Dollar index is weighted in favor of the Euro. But the relationship holds when the Dollar is compared to an equally weighted index of several major currencies:

The EURUSD is now challenging, 1.2550 a level that has not been seen since 2015. It has been rejected three times in the past 30 days.

EURUSD 4 Hour :

Technically this triple top would be a reversal signal. But the rise of the EURUSD is littered with double tops and head-and-shoulders patterns. The rise of the EURUSD is fundamentally driven.

For the week of 19 Feb I am bullish on the EURUSD. Here are three possible scenarios for the EURUSD to test 1.2550 again, presented in order from least likely to the most:

Technical Projections

Note that I will be updating these scenarios every day to reflect new daily pivots.

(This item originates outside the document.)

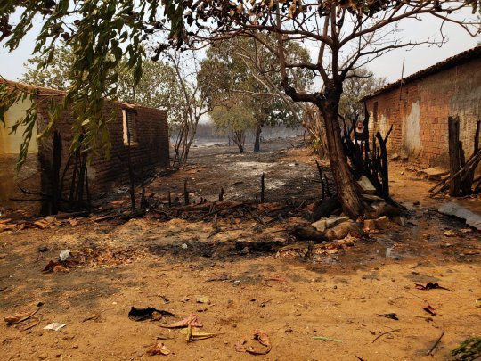 “O fogo atingiu o quintal de uma residência, queimou cajueiros e teve perda de madeiras compradas para o telhado. A população entrou em desespero e abandonou suas casas. O fogo só não atingiu a residência porque a brigada chegou no local. Fogo de origem desconhecida, provavelmente um princípio causado por uma ação criminosa ou algum descuido”, informou.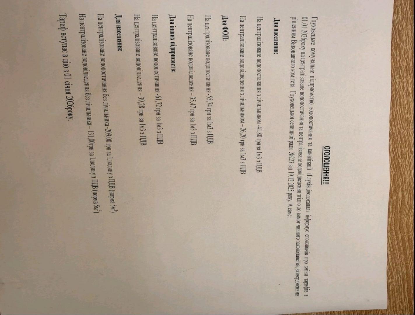 - Днями Глуховецький водоканал повідомив про підвищення тарифів на централізоване водопостачання та водовідведення

Scenario 1: extreme bullishness

This scenario did not happen.

Scenario 2: initial bearishness

The market will resume the bearish trend of last Friday. Monthly bulls will enter at the confluence of the monthly PP, daily take profit zone, and the historical support. This will start a trend that will challenge the highs again.

Scenario 3: high volatily moves

This scenario did not happen.

Scenario 4: continued bearishness

Sellers will overcome the support area of 1.2288 and fall another 150 points.
Trend will reverse at the confluence of historical support at 1.2180, monthly M2 and the weekly take profit zone.
(Right now I think this is the most likely scenario, because of U.S. Treasury auctions this week and Italian elections this weekend.)

Trade Plan

My plan is to count on some variation of scenarios 2 or 4. I will buy at the monthly PP (1.2288) or monthly M2 (1.2364), preferrably with a confluence of bullish technical indications.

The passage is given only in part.